2021 Video Surveillance Deep Dive: Video Records 18% Growth Amid Virus

SSI’s Video Surveillance Deep Dive survey covers installations, technologies, prices, profits, verticals, and challenges from what turned out to be a historically tumultuous 2020.

2021 Video Surveillance Deep Dive: Video Records 18% Growth Amid Virus

If video was not already ubiquitous enough in American life the pandemic managed to make it even more the case as being on camera for meetings and basic communication made plain ol’ voice-only phone conversations seem quaint by comparison.

That may reap some dividends for security dealers and integrators down the line due to an overall higher comfort level with being on camera or videorecorded, but webcams are not professional surveillance equipment.

Although the work-from-home imperative brought Zoom and other video-conferencing platforms to the forefront, at the same time COVID-19’s negative impact was conversely felt within the video surveillance industry.

Among the findings of Security Sales & Integration’s 2021 Video Surveillance Deep Dive survey supporting that contention is the average number of monthly installations and gross profit margins fell as compared to the prior year.

The former declined an average of seven projects (across residential, commercial and industrial sectors) and the latter saw 11 points (-29%) shaved off its 2020 percentage. The average sales prices of commercial and industrial video systems also plunged.

Much of that is attributable to end-user clients’ shutdowns of offices and facilities along with the associated layoffs, furloughs, and delays and cancellations of security projects. When asked directly about the effect of the pandemic on the past year’s video surveillance business, nearly half the respondents rated it as being moderate to enormous.

Fewer than one in five said it was not impactful. Furthermore, while still exhibiting growth, as compared to recent years the market is reported to have grown 37% more slowly in 2021.

Even some of the areas where it was hoped the pandemic might boost business have been refuted by most of the survey’s results.
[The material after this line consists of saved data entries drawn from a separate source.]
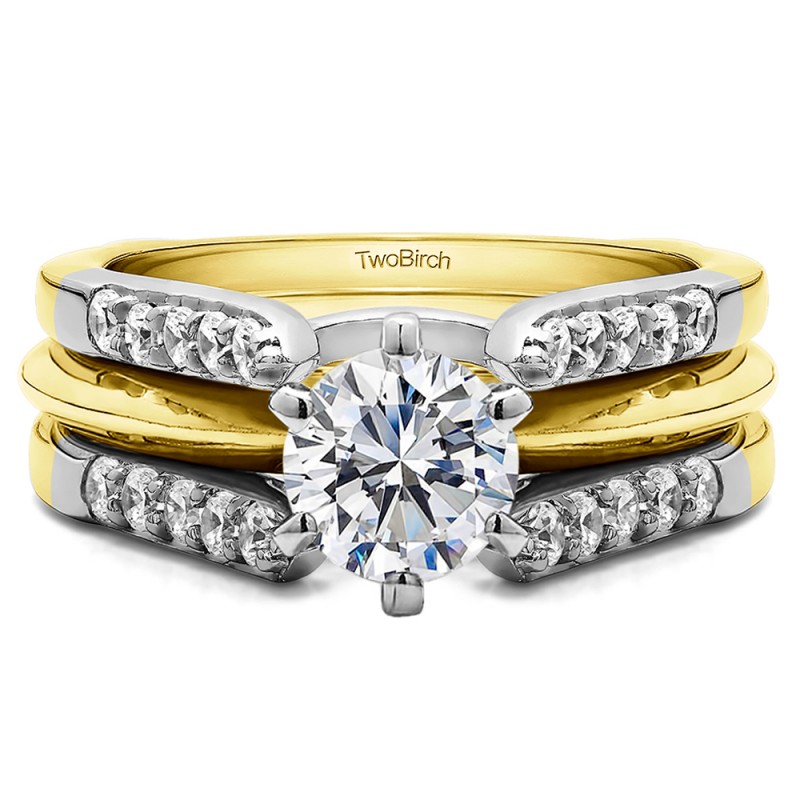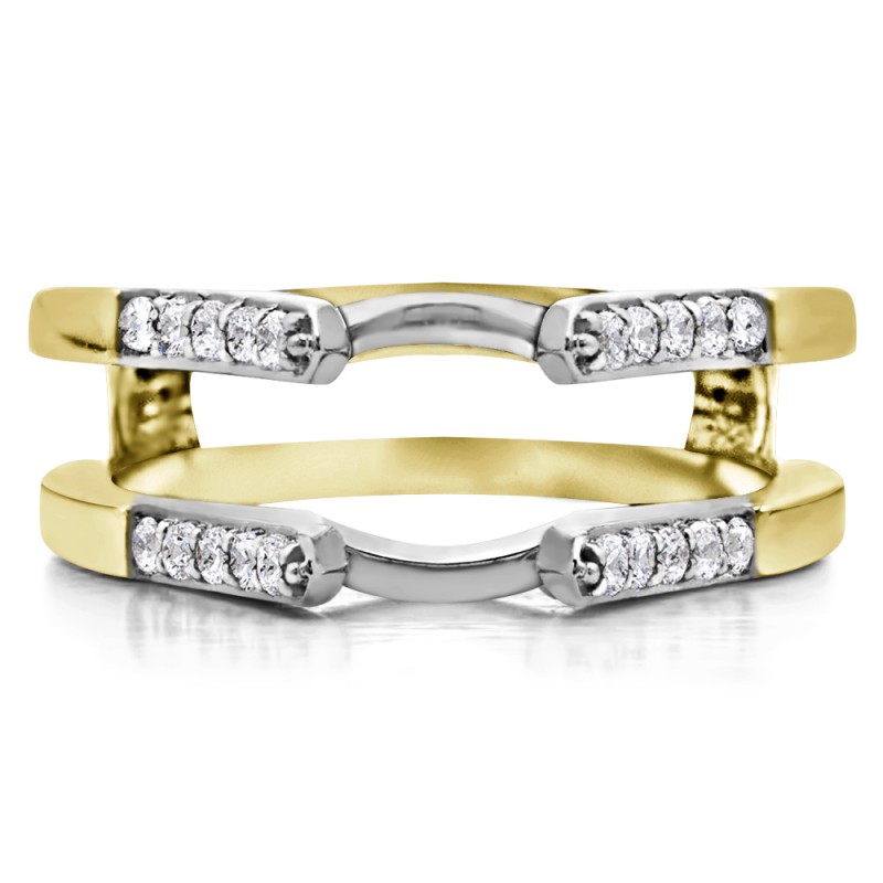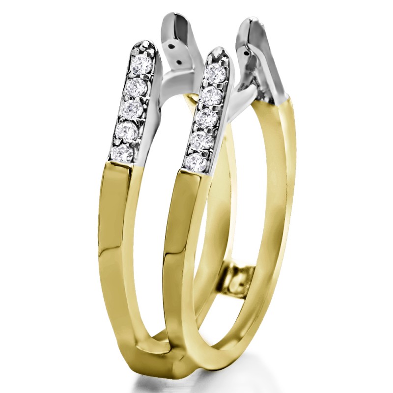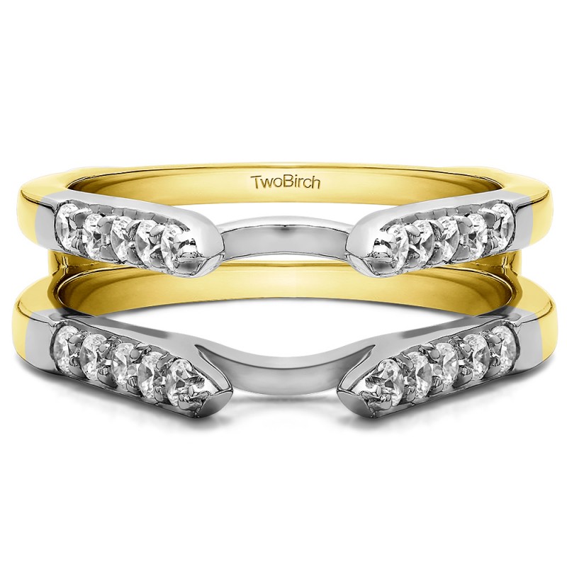 This wedding ring guard has 20 round, prong set stones. Each band measures 2 millimeters wide. This ring guard has 0.5 carats total weight. It is made to fit a round solitaire from 0.5 carats to 1, or a princess or marquise cut solitaire from .50 carats up to .75 carats.
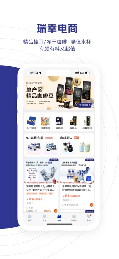 “爆品思维”驱动的电商板块: 应用内整合独立电商频道,销售精品挂耳、冻干咖啡及联名水杯等零售商品。通过“9.9元起包邮”等策略,将线下爆款饮品延伸为可囤货的零售产品,构建第二增长曲线。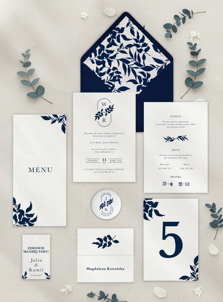 Zaproszenia ślubne Granatowe liście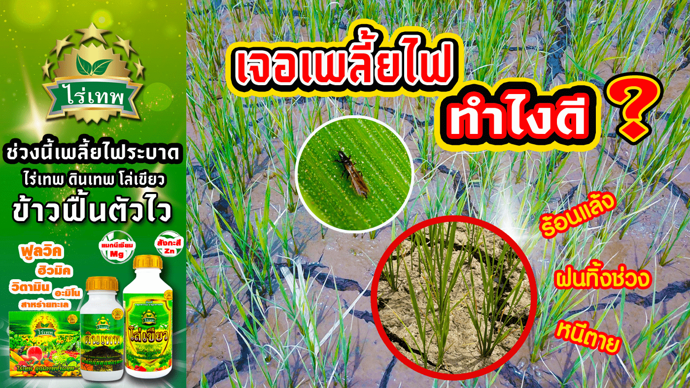 – ระยะเจริญเติบโต (25-30 วัน) ใช้ไร่เทพ 1ซอง + ดินเทพ 5-10 ซีซี ผสมน้ำ 100 ลิตร ฉีดพ่นให้ทั่วต้นทุก 10-15 วัน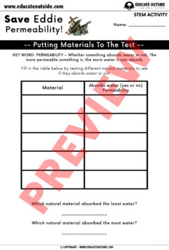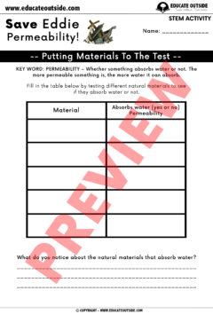 Your class will research the permeability of different natural materials to find out which material will be best to make their water catchers out of. They will then design and create their water catchers before putting it to the test and seeing which catcher can collect the most water and save Eddie!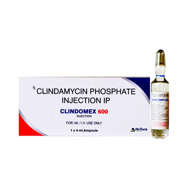 Clindomex 600 Injection works by stopping the growth of bacteria. This helps to improve your symptoms and cure the underlying infection. It is given as a drip (intravenous infusion) or as an injection directly into a vein or a muscle under the supervision of a healthcare professional. Your doctor will decide the correct dose for you. You should use this medicine regularly at evenly spaced intervals as per the schedule prescribed by your doctor. Do not skip any doses and finish the full course of treatment even if you feel better. Stopping the medicine too early may lead to the infection returning or worsening.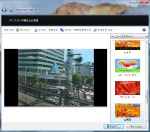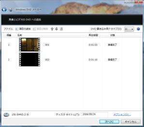 Windows Meの時はビデオ編集ソフトである「Windowsムービーメーカー」が付属したが、今回は更にDVD作成ソフトの「Windows DVDメーカー」がHome PremiumとUltimateに付属している。まずは上記の画面のように動画選択画面が現れる。ここで「項目の追加」で選択するか、ドラッグ&ドロップで追加していく。気になるのは、「150分中の……」と書かれていることだ。1枚のディスクに150分入れさせるつもりらしい。通常の映像用DVD-Rなどは1枚120分となっているから、これが標準だろう。つまりWindows DVDメーカーでは標準より低いビットレートのDVDになってしまうらしい。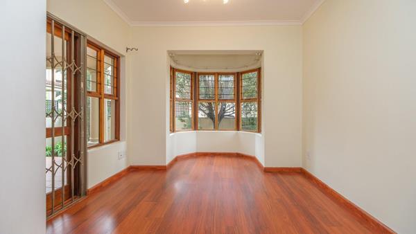 This is 127 m2 of spacious and secure urban living 3-bedroom sunny ground floor apartment. The property boasts an open plan living with clean lines, simplicity and bright space. The lounge overlooks a covered patio onto the fenced off garden with auspicious Leopard tree. The apartment has well-appointed kitchen with good size cupboards space and pantry, 2-under counter appliances plus double sing. 3 well-sized bedrooms with high ceilings and charming beautiful and practical bay windows. The comfortable main bedroom with main full bathroom en suite and with the direct access onto patio.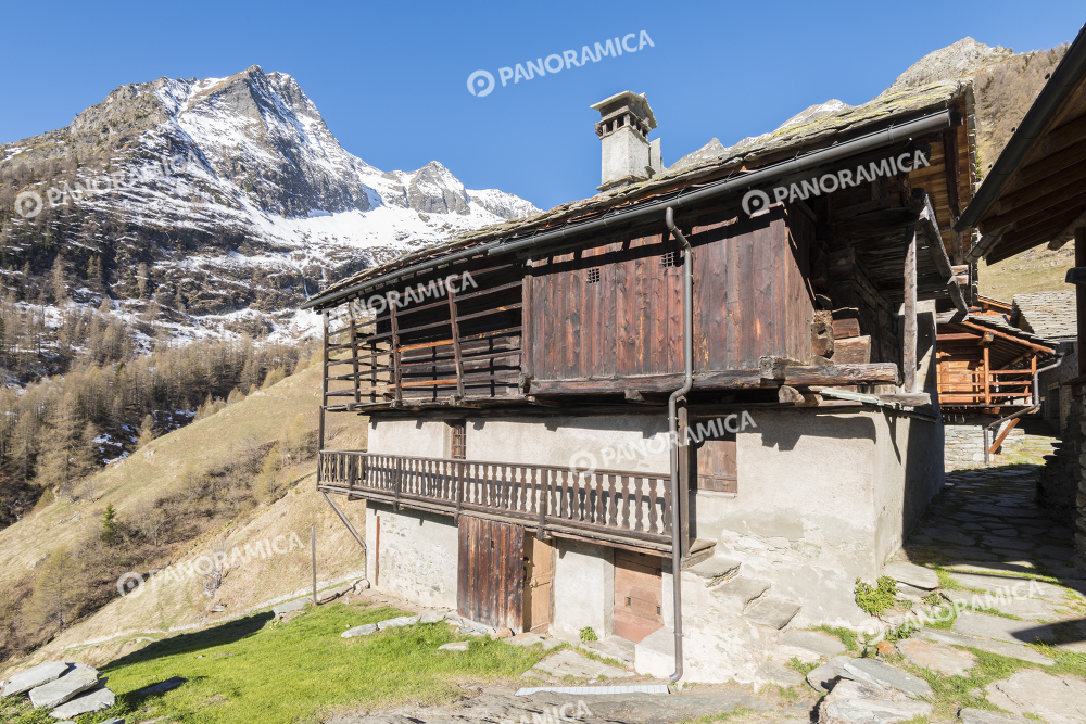 Una casa costruita in stile Walser lungo le viuzze di Alpenzù Grande, dietro cui sbuca la mole del Texel Horn.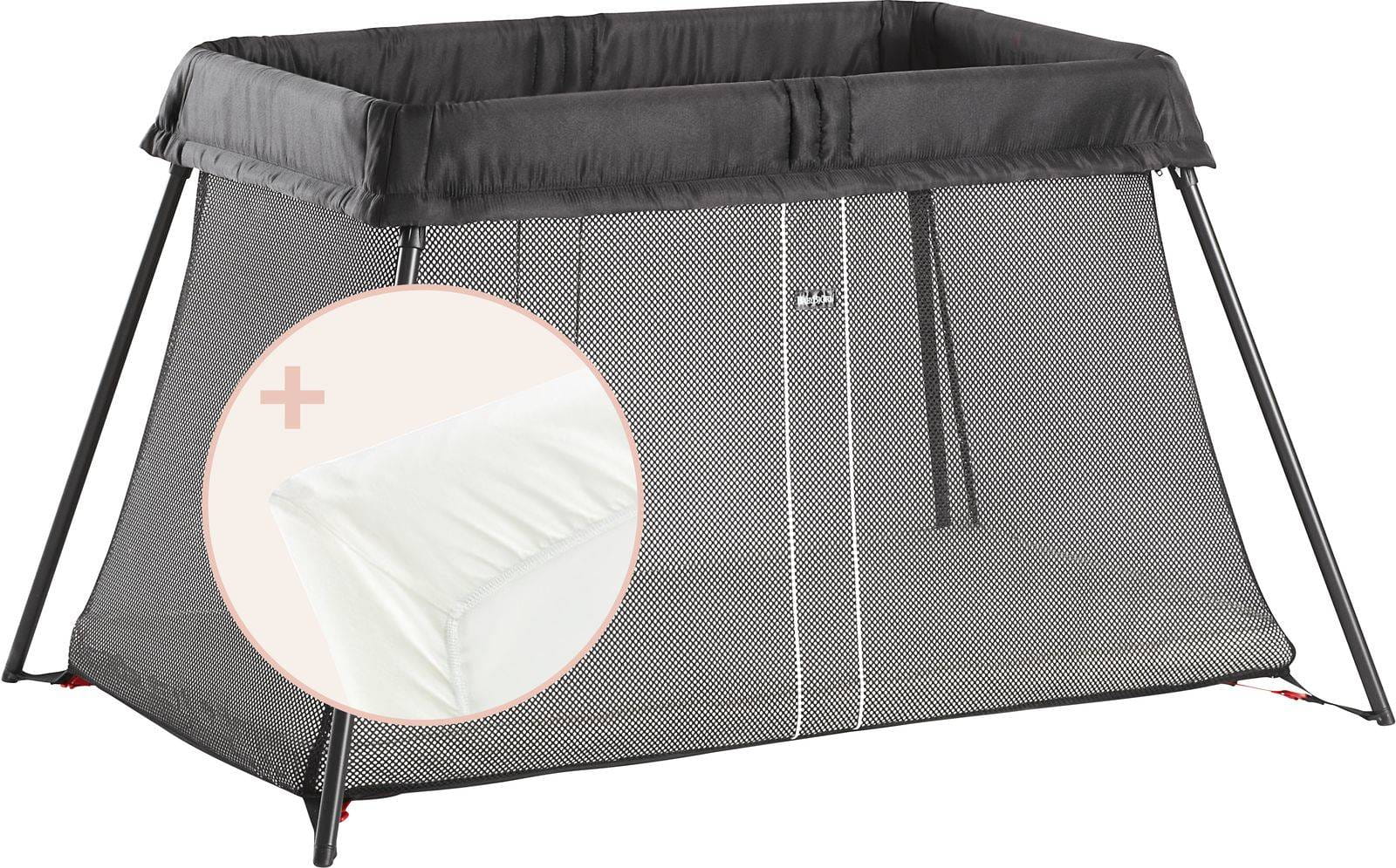 Wygodne i lekkie łóżeczko turystyczne BABYBJORN w zestawie z prześcieradłem do łóżeczka turystycznego LIGHT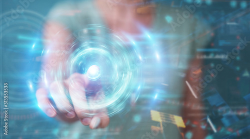 Wall mural : Woman creating new futuristic energy power source 3d rendering

For example, thermal imaging was broadly promoted to solve the issue of monitoring people’s temperatures before they entered buildings, but no significant bump was conveyed by responding dealers and integrators.

Cost and field accuracy as well as nonsecurity-based alternatives were likely among the sticking points that hindered wider adoption through the dealer/integrator channel.

Cloud-based solutions was another segment of the surveillance market that many anticipated would accelerate due to COVID-19 implications — in particular, enabling full offsite operations for customers.

Yet the Deep Dive data indicates dealers/integrators offering video surveillance as a service (VSaaS) declined by 12 percentage points and those selling it experienced 42% less growth than the previous year. One plus was per-camera monthly storage fees climbed 8%.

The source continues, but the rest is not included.